SPORT ET EQUITE GENRE : Des barrières brisées par la Fédération internationale de judo promouvoir l’équité

Réunie au Maroc à l’occasion de l’édition 2019 du «Grand Prix»de Marrakech, la famille du judo mondial n’est pas restée en marge de la célébration de la Journée mondiale de la Femme. En effet, la Fédération internationale de judo s’est pleinement associée à cet événement célébré chaque 8 mars sous l’égide des Nations Unies et auquel le mouvement sportif mondial adhère. La première journée du Grand Prix de Marrakech a été ainsi marquée ce 8 mars 2019 par des compétitions féminines. Président de l’Union africaine du judo (UAJ), M. Habib Sissoko a participé à des remises de médailles.

Réunie au Maroc à l’occasion de l’édition 2019 du «Grand Prix»de Marrakech, la famille du judo mondial n’est pas restée en marge de la célébration de la Journée mondiale de la Femme. En effet, la Fédération internationale de judo s’est pleinement associée à cet événement célébré chaque 8 mars sous l’égide des Nations Unies et auquel le mouvement sportif mondial adhère.
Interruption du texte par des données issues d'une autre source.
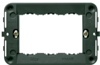
16713 - Frame 3M +screws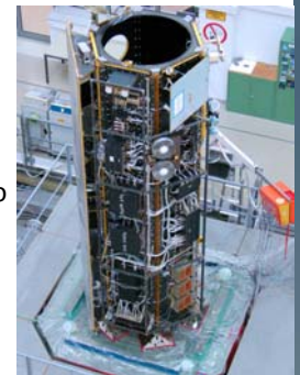
TerraSAR-X during shock and vibration tests.

That has not been possible until now, as the bandwidth of radio waves is not large enough. Another advantage of this new form of communication is that lasers are easier to focus than radio waves, which means that data transmissions can be directed more accurately. 5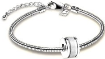
AUNL2010 - Omega *

Each piece comes with its own high quality treasure box for protection and a polishing cloth with care instructions.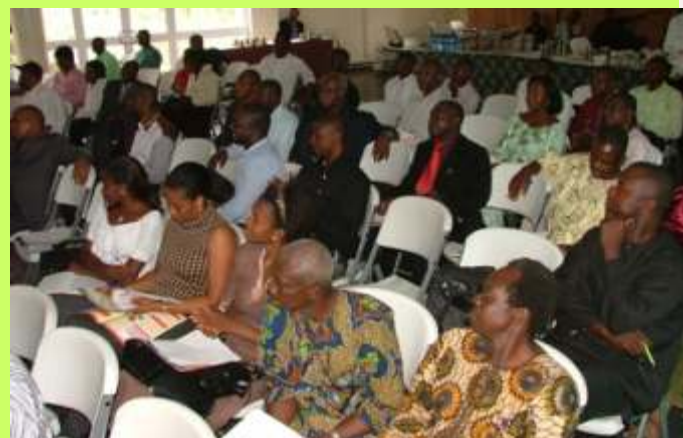
Cross section of participants at the event

La première journée du Grand Prix de Marrakech a été ainsi marquée ce 8 mars 2019 par des compétitions féminines. Président de l’Union africaine du judo (UAJ), M. Habib Sissoko a participé à des remises de médailles.

Dans le paysage olympique, aujourd’hui, il n’y a plus de tabous de parler de la participation des femmes, de la parité hommes-femmes et l’égalité. Toutefois, des observateurs continuent à se demander si les hommes et les femmes pratiquent le même sport et selon les mêmes règles, reçoivent-ils le même salaire ? Les réponses sont mitigées.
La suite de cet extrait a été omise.